SoFi Technologies: Should You Invest or Pass?
SoFi Soaring, but Still Undervalued?
Strap in, investors, as SoFi Technologies (SOFI) has been a rollercoaster ride lately. Despite a 106% surge in the past five months, shares are still 44% below their peak. But with lower interest rates potentially fueling growth, is it time to buy, sell, or hold this fintech titan?
Massive Aspirations
SoFi's strength lies in its digital platform and exceptional user experience. The company offers a range of financial services, aiming to be a one-stop-shop for all your financial needs. CEO Anthony Noto, known for his ambitious nature, declared, "Our aim is to become a top 10 financial institution. It's not a question of if, but when"[1].
That's a bold target, considering that the 10th largest U.S. bank, Toronto-Dominion Bank, boasts $400 billion in assets[1]. SoFi's assets, however, lag significantly behind at $34 billion as of Sept. 30[1]. But the growth trajectory is nothing short of impressive.
In Q3, SoFi added 35% more customers to its 9.4 million user base, the highest in any three-month period[1]. Revenue surged 30%, driven by its expand-and-conquer strategy. Customers might start with a high-yield savings account, then gradually sign up for credit cards or mortgages to deepen their relationship with SoFi[1].

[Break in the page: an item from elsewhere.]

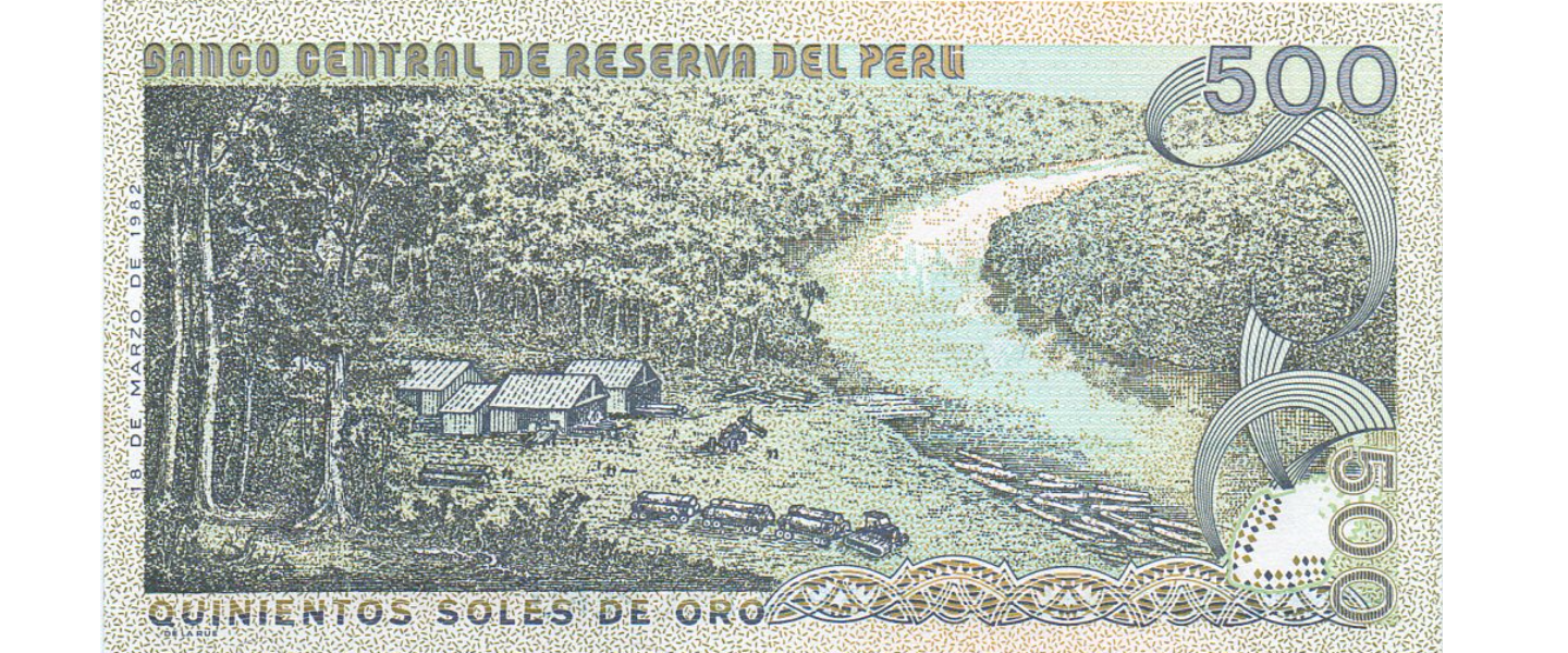 500 Soles de Oro, 18.03.1982, P-125A, SIN CIRCULAR (UNC), Impresor: De la Rue, Londres, José Abelardo Quiñones González, paisaje selvático.

Financially, SoFi has made remarkable progress. The company has reported four consecutive quarters of positive earnings per share (EPS)[1]. This signifies the benefits of scale and the company's ability to grow at a remarkable pace while controlling costs.
Not a Bargain Anymore?
At a current price-to-sales (P/S) ratio of 6.1, SoFi's shares are well above their historical average of 4.2[2]. In fact, they're more expensive now than they were three months ago, indicating a positive market sentiment[2].
Considering SoFi's profits, we can also analyze its forward price-to-earnings (P/E) ratio. Management projects EPS of $0.68 (at the midpoint) in 2026, with the stock currently trading at a P/E ratio of over 21[2].

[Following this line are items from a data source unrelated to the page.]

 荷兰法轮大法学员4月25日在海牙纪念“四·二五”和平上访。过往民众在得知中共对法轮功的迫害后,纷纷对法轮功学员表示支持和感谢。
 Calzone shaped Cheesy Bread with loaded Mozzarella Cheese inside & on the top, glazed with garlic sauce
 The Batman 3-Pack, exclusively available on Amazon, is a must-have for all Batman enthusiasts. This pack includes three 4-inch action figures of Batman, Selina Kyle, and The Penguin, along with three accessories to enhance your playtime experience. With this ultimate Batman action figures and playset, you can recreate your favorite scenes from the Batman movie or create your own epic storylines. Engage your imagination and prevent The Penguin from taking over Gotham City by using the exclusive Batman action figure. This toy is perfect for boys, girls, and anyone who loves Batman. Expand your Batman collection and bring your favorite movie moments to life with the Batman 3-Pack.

While SoFi's stock is no longer a bargain, the company's fundamentals are strong. Its growing customer base, revenue, and profits suggest a promising future. So, what's the best move for investors?
From a fundamental perspective, SoFi's business is thriving. If you're still bullish, maybe the best approach is to hold onto your shares to capitalize on SoFi's potential success in the future.
But remember, as with any investment, diversification is key, and research is crucial. Don't invest more than you can afford to lose, and always consider seeking advice from a financial advisor before making any investment decisions.
Analysts' Perspective
Analysts' recommendations for SoFi Technologies are mixed, leaning towards a hold. The average consensus price target is $11.71, representing a projected downturn of 35.06% from the current price[3]. Some analysts have upgraded their price targets, while others have maintained underperform ratings with higher price targets[3].
Given the mixed signals, holding the stock could be a wise choice while awaiting further developments. As always, it's essential to do your own research and make informed decisions based on your own risk tolerance and investment goals.
Despite SoFi's ambitious aim to become a top 10 financial institution, its assets still lag significantly behind those of larger institutions. To continue its growth, investors might consider investing money in SoFi, given its increasing number of customers and surging revenue. However, with SoFi's shares currently trading at a higher price-to-sales ratio than before, one should proceed with caution and consider the company's strong fundamentals and future prospects before making any investment decisions.